Welcome to April's MUS (Margins of the Unfiltered Swamp)

The last Musings of the month is a free-form exploration of the reaches of the fecund swamp that is the source of the blog, Musings and my books.

Kafka's Nightmare Emerges: China's "Social Credit Score"

China is rapidly building out a Total Surveillance State on a scale that far surpasses any government surveillance program in the West.

The scope of this surveillance is so broad and pervasive that it borders on science fiction:


Life Inside China’s Total Surveillance State (8 min video)

China Aims For Near-Total Surveillance, Including in People's Homes ("Sharp Eyes" nationwide surveillance network)

"You're Being Controlled All The Time" - An Inside Look At China's "Social Credit Score"

China Assigns Every Citizen A 'Social Credit Score' To Identify Who Is And Isn’t Trustworthy

It's well known that the intelligence agencies in America seek what's known as
Total Information Awareness, the goal being to identify and disrupt terrorists before they can strike.

This level of surveillance has run partly aground on civil liberties concerns, which still have a fragile hold on the American psyche and culture.

The implicit goal of China's Total Surveillance State is to control the citizenry and root out any dissent before it threatens The Communist Party's hold on power, but the explicit goal is a behavioral psychologist's dream: to reward "positive social behaviors" and punish "negative social behaviors" via a "Social Credit Score."

There is something breathtakingly appealing about this goal to anyone in a position of power: imagine being able to catch miscreants who smoke in no-smoking zones, who jaywalk, who cheat people online, and of course, who say something negative about those in power.

But let's ask a simple question of China's vast surveillance system: what if it makes mistakes?
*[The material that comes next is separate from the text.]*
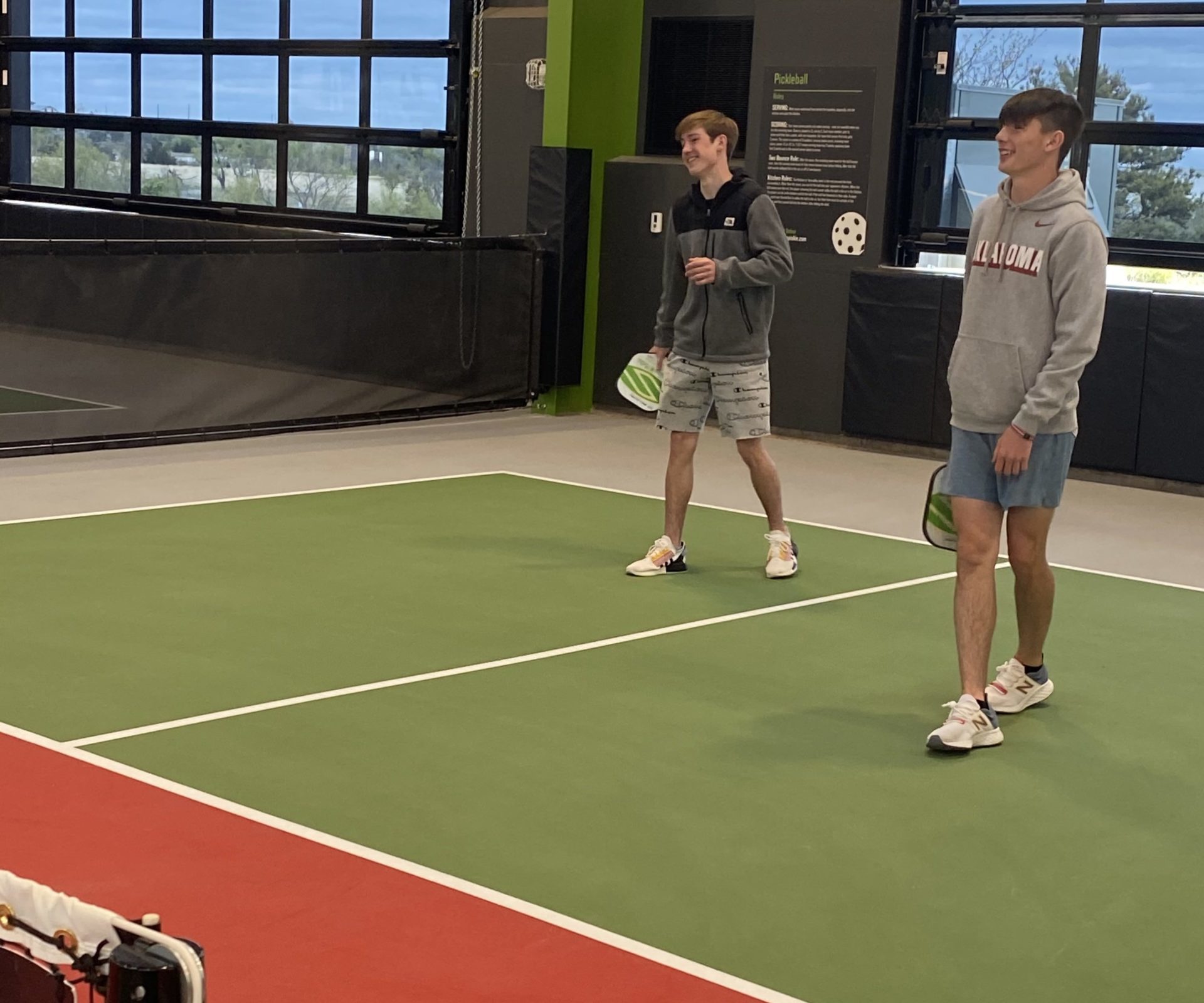 Afterward, we headed to the indoor pickleball courts. In total, there are six indoor and four outdoor courts. Two of the outdoor courts are covered which I thought was a nice touch. We rented out paddleboards and balls, and then took to the court. The boys had a lot of fun, and Kobe, my middle son, caught on really fast. The place was very busy, so if you go, be sure to pre-book ahead of time.

What if one of those thousands of cameras mis-identifies a citizen breaking some minor social code, and over time, does so enough times to trigger negative consequences for the innocent citizen?

What recourse does the citizen have?  It appears the answer is none, as the process is not strictly speaking judicial; the system appears to be largely automated.

Here's a second question: is the scoring system truly transparent, or can insiders place their thumbs on the scale, so to speak, to exact revenge on personal enemies?

Question #3: Who has the power to change the weightings within the automated software? Will criticizing the government online generate 1 negative point this month but 10 points next month? How can citizens with a handful of negative points, some perhaps erroneous mis-identifications, avoid crossing the dreaded threshold if they don't know how the system is truly ranking various violations?

This aligns perfectly with the world envisioned by Kafka in his novels The Trial and
The Castle.

Kafka's fictional accounts of power manifesting through an inpenetrable bureaucracy describe a world with two primary features:

1. The rules guiding the system are opaque to those enmeshed in the system 

2. There is no recourse for those unjustly persecuted or convicted by the system

What is it like to inhabit such a world? I've assembled some insightful comments on
Kafka's works from online resources.

Critic Michiko Kakutani:
"(his novels share)...the same paranoid awareness of shifting balances of power; the same atmosphere of emotional suffocation."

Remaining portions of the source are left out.